Я не умела выразить словами, какое впечатление произвела на меня её игра.
— Мне больше понравилось, как ты играла, когда я только что пришла. А сейчас…
— Это я нарочно так делала. Мне надоело для них играть: каждый раз показывают, как обезьяну какую-нибудь…
Лёля была так непохожа на обезьяну, что я рассмеялась, но тотчас же смолкла, увидев крупные слёзы у неё на глазах.
— Им всё хорошо! — как-то угрожающе сказала она. — Что бы я ни сыграла, они всё равно похвалят. Они к тётке в гости пришли, ну, и всё хвалят: обед хвалят, тёткино платье хвалят, мою игру. Дядя Толя — важный человек, если его кто-нибудь из них попросит, он может всё сделать. А они знают, что он любит меня, вот и хвалят меня, когда ничего хорошего в моей игре нет. Подлизываются…
Она вдруг покраснела и топнула ногой:
— А ещё уйдут домой и будут надо мной смеяться! Я же знаю: я, и верно, играла плохо. Мне стыдно так играть, а я всё равно буду так играть, хотят, чтобы была обезьяной, ну, и пусть буду обезьяна… — И она утёрла рукой глаза.
— Хорошо тебе, — сказала она, успокоившись, — ты с мамой и папой живёшь. И с Клавдичкой ещё. А я тут одна…

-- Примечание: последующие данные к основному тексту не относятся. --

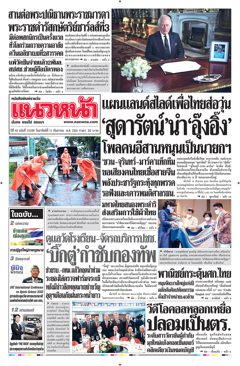 ปีที่ 43 ฉบับที่ 14798 ประจำวัน อาทิตย์ ที่ 11 กันยายน พ.ศ. 2565

— Но ведь тут тебя все любят.
— А я всех их ненавижу.
— Кого всех?
— Ну, всех! Виташку я, правда, люблю и дядю… А ее ненавижу.
Наверно, в этом доме в лёлину жизнь входило очень много ненужного ей, и всё это ненужное она соединяла с теткой.
— Всё равно, хоть и любят, мне не хочется тут жить, я хочу к своему папе…
И она горячо и порывисто, как всё, что она делала, бросилась мне на шею и заплакала, уткнувшись в моё плечо.
— …Я…я потому здесь живу, что папа хотел… чтобы я училась. Я всегда помню его… и девочек, с которыми я играла. Папочка мой… папочка…
Мы ушли в лёлину комнату и долго сидели, обнявшись, в большом кресле, и Лёля рассказывала мне, как хорошо жили они с папой в деревне, как она каталась с девочками на салазках с горы и как они летом бегали купаться.
Понемногу она развеселилась, и скоро громкий смех её уже снова раздавался в комнате.
Когда мы уходили, я слышала, как лёлин дядя сказал Клавдичке:
— Всё-таки, Клавдия Николаевна, вы видите сами, что каждый ваш визит выбивает её из колеи. Это вредно для неё.
Клавдичка покачала головой и прямо взглянула на него:
— Трудно сказать, что для неё вреднее.
Прощание с Клавдичкой
Клавдичка и мама сидели в комнате у стола и разговаривали, а я около окна шила толстой канвовой иголкой платье Марфуше. Тонкая кисейка легко прокалывалась толстой иглой, зато нитка никак не хотела пролезать, и иголку приходилось сильно дёргать. Пальцы у меня заболели, и я отложила шитьё.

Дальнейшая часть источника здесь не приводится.